An annuity is a series of equal payments that a financial institution makes to an investor at the end of each period (usually a month or a year) for a specific number of years. A compound annuity is a type of investment in which a set sum of money is deposited into an investment vehicle at the end of each year for a specific number of years and allowed to grow. Annuities are important because they can help you prepare for retirement and allow you to receive a specific payment every period for a number of years. You can calculate both the present value of an annuity and the future value of an annuity.

An amortized loan is a loan that is paid off in equal installments (payments) that are made up of both principal and interest. With an amortized loan, the interest payments decrease as your outstanding principal decreases; therefore, with each payment, you pay a larger amount on the principal of the loan. Examples of amortized loans include car loans and home mortgages.

Inflation is an increase in the volume of available money in relation to the volume of available goods and services; inflation results in a continual rise in the price of various goods and services. In other words, because of inflation, you can buy fewer goods and services with your money today than you could have bought in the past.

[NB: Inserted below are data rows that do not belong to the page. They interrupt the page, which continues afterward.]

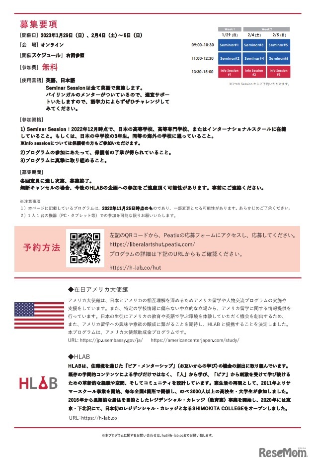 HLABとアメリカ大使館は2023年1月29日、2月4日・5日、中学3年生から高校生を対象に「Liberal Arts HUT」をオンラインで開催、参加者を募集する。参加費無料。
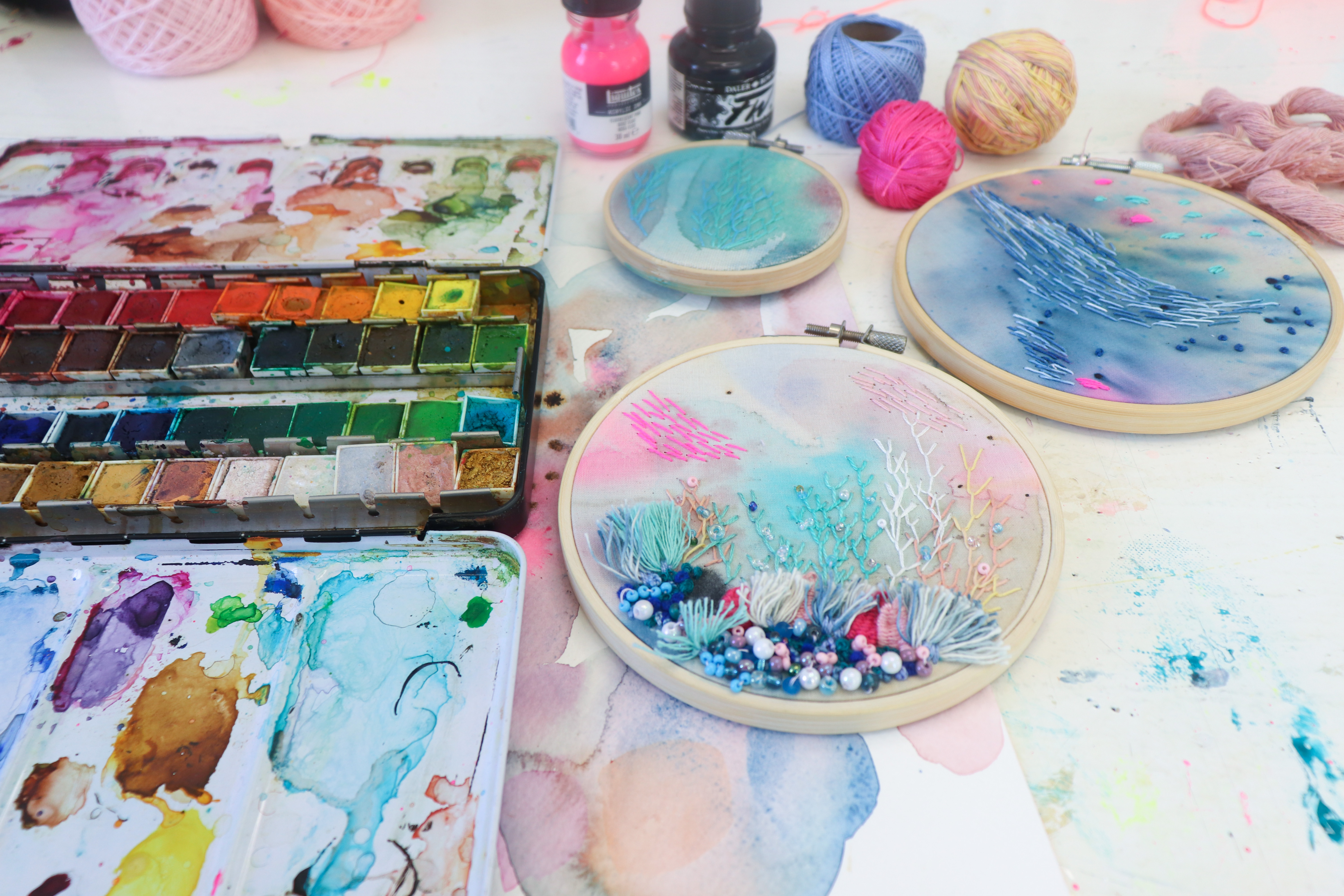 Minimum essentials: watercolors or acrylic inks, watercolor paper for practice, 1-2 fabric pieces (cotton or linen), embroidery floss (DMC or similar), embroidery needles, one embroidery hoop (any size), scissors, water jar, and brushes.
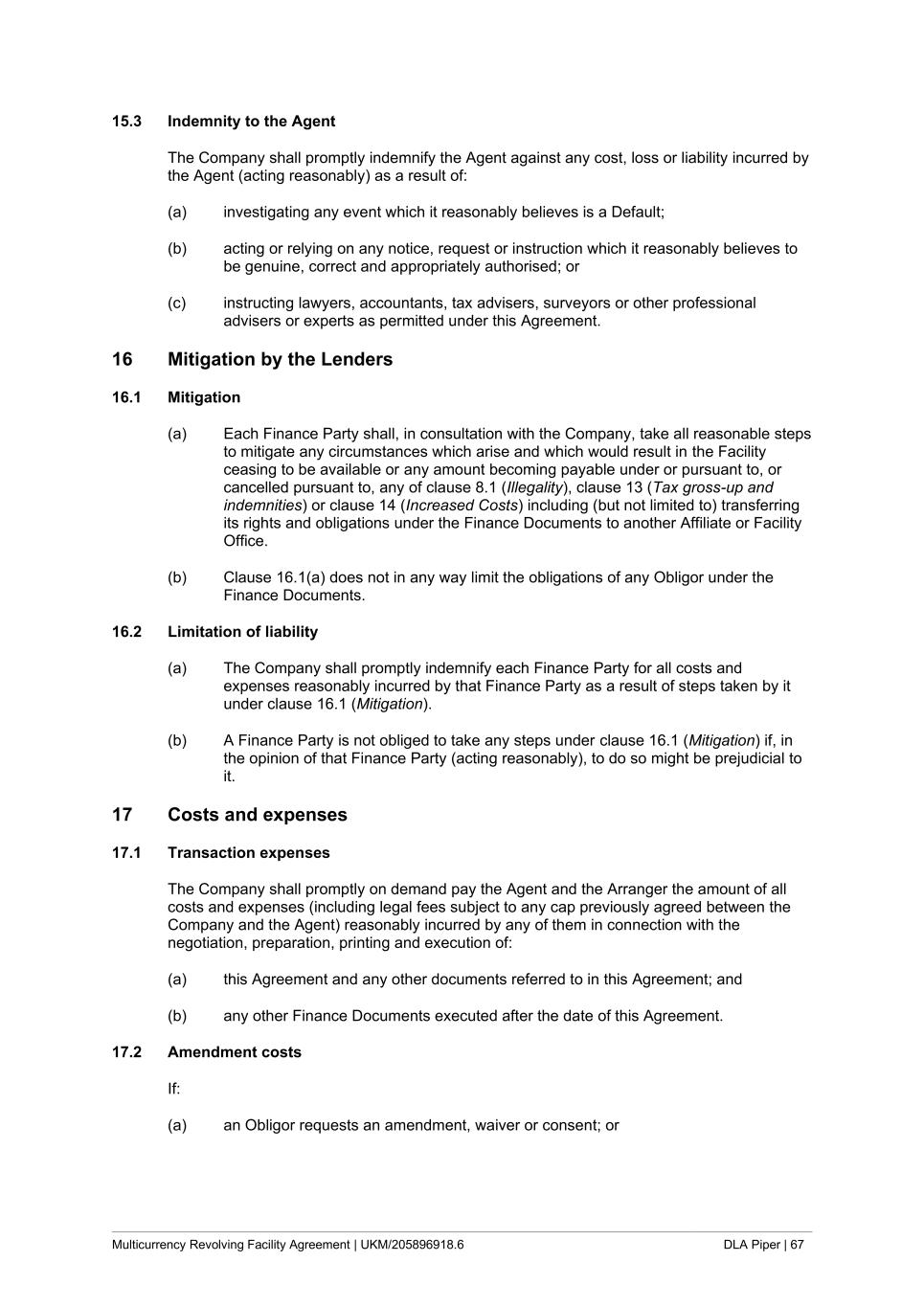 Multicurrency Revolving Facility Agreement | UKM/205896918.6 DLA Piper | 67 15.3 Indemnity to the Agent The Company shall promptly indemnify the Agent against any cost, loss or liability incurred by the Agent (acting reasonably) as a result of: (a) investigating any event which it reasonably believes is a Default; (b) acting or relying on any notice, request or instruction which it reasonably believes to be genuine, correct and appropriately authorised; or (c) instructing lawyers, accountants, tax advisers, surveyors or other professional advisers or experts as permitted under this Agreement. 16 Mitigation by the Lenders 16.1 Mitigation (a) Each Finance Party shall, in consultation with the Company, take all reasonable steps to mitigate any circumstances which arise and which would result in the Facility ceasing to be available or any amount becoming payable under or pursuant to, or cancelled pursuant to, any of clause 8.1 (Illegality), clause 13 (Tax gross-up and indemnities) or clause 14 (Increased Costs) including (but not limited to) transferring its rights and obligations under the Finance Documents to another Affiliate or Facility Office. (b) Clause 16.1(a) does not in any way limit the obligations of any Obligor under the Finance Documents. 16.2 Limitation of liability (a) The Company shall promptly indemnify each Finance Party for all costs and expenses reasonably incurred by that Finance Party as a result of steps taken by it under clause 16.1 (Mitigation). (b) A Finance Party is not obliged to take any steps under clause 16.1 (Mitigation) if, in the opinion of that Finance Party (acting reasonably), to do so might be prejudicial to it. 17 Costs and expenses 17.1 Transaction expenses The Company shall promptly on demand pay the Agent and the Arranger the amount of all costs and expenses (including legal fees subject to any cap previously agreed between the Company and the Agent) reasonably incurred by any of them in connection with the negotiation, preparation, printing and execution of: (a) this Agreement and any other documents referred to in this Agreement; and (b) any other Finance Documents executed after the date of this Agreement. 17.2 Amendment costs If: (a) an Obligor requests an amendment, waiver or consent; or
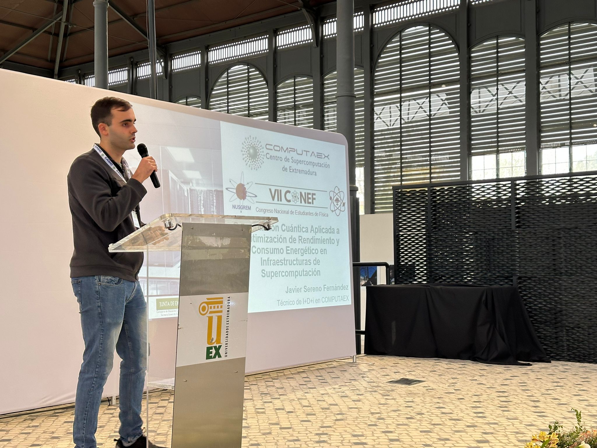 D. Javier Sereno, graduado en Física, desarrolla su labor investigadora en el proyecto regional QCO4HPC, orientado a aplicar técnicas de computación cuántica para optimizar el rendimiento y el consumo energético en infraestructuras de supercomputación, y que está cofinanciado por la Consejería de Educación, Ciencia y Formación Profesional de la Junta de Extremadura.
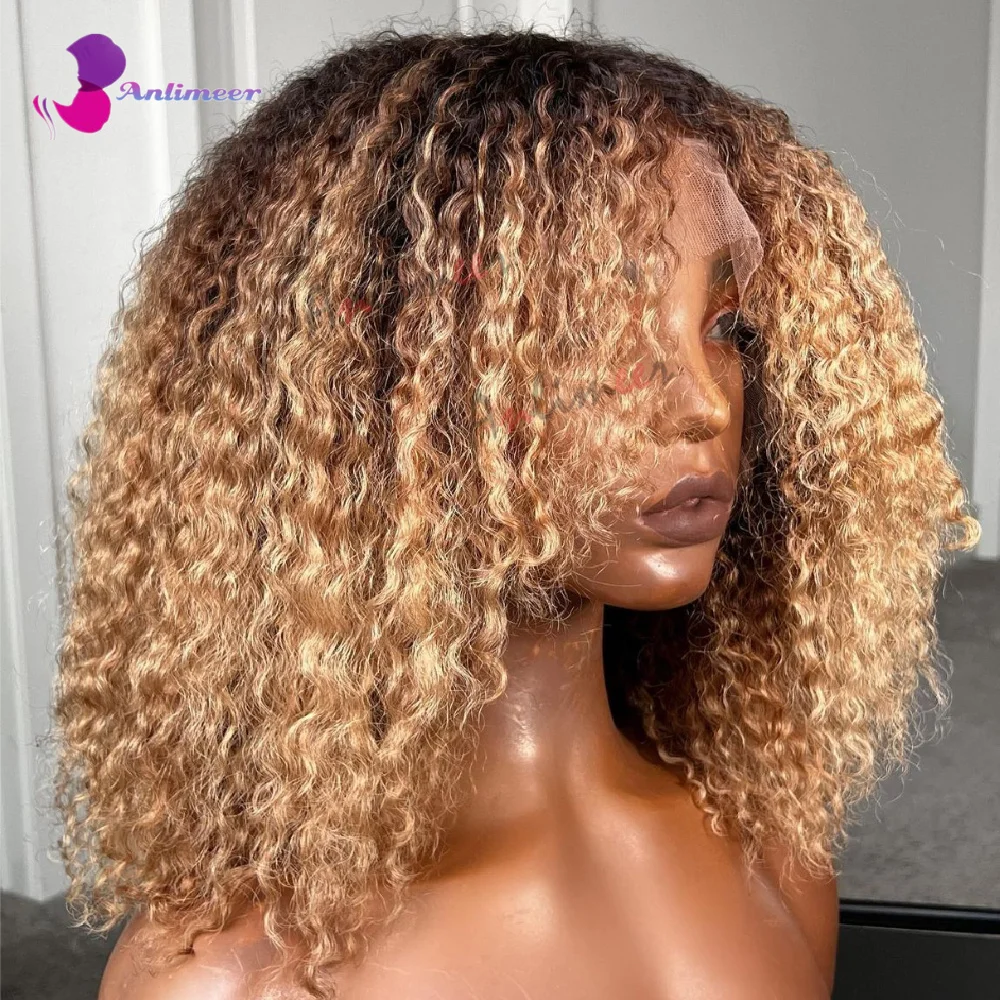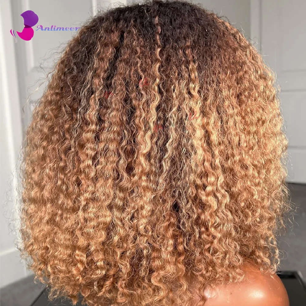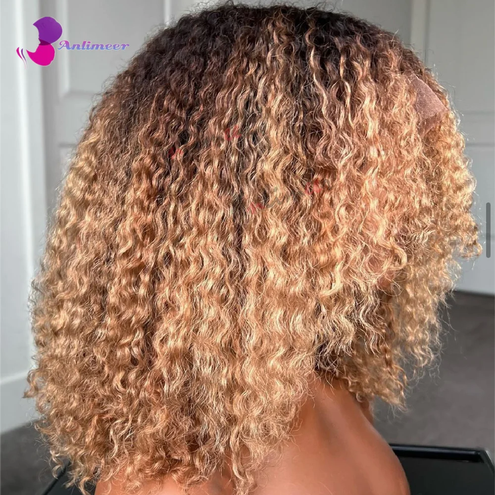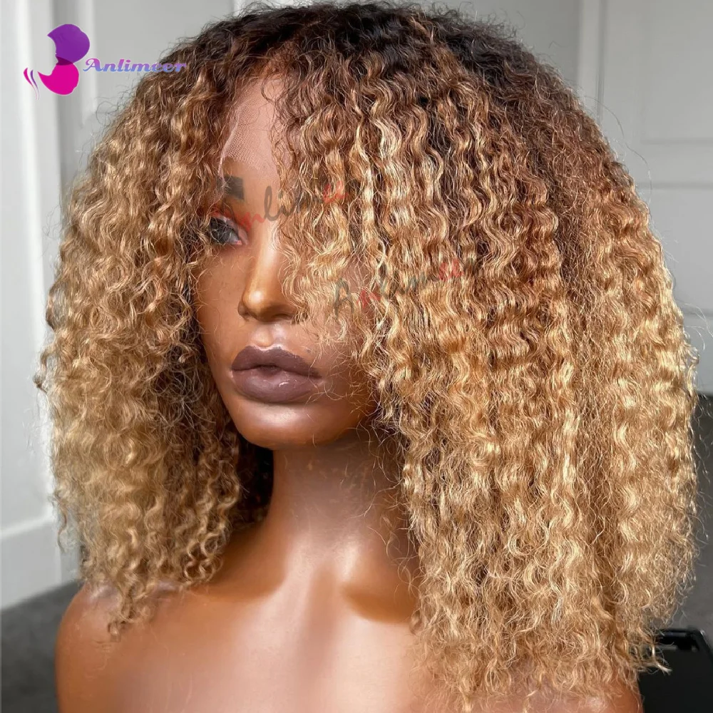 Curly Afro Wig Black Roots Honey Blonde Curly Wig For Black Women Human Hair Afro Kinky Curly Lace Front Wig Frontal Wig 360

A real return is the rate of return you receive after the impact of inflation. As discussed earlier, inflation has a negative impact on your investments because your money will be able to buy less in the future. Traditionally, investors have calculated real returns with the approximation method by simply using the nominal return, or the return you receive, minus the inflation rate. Although the approximation method is fairly accurate, it can give incorrect answers when it is used for precise financial calculations. Because of the possibility of error, it is preferable to use the exact formula: (1 + nominal return (rn)) = (1 + real return (rr)) * (1 + inflation (π)) = (1 + nominal return (rn)) / (1 + inflation (π)) –1.


Now that you have completed this section, ask yourself the following questions:

  1. Can I solve problems related to annuities?
  2. Can I solve problems related to amortized loans?
  3. Can I explain how inflation impacts my investments?
  4. Can I calculate real returns after inflation?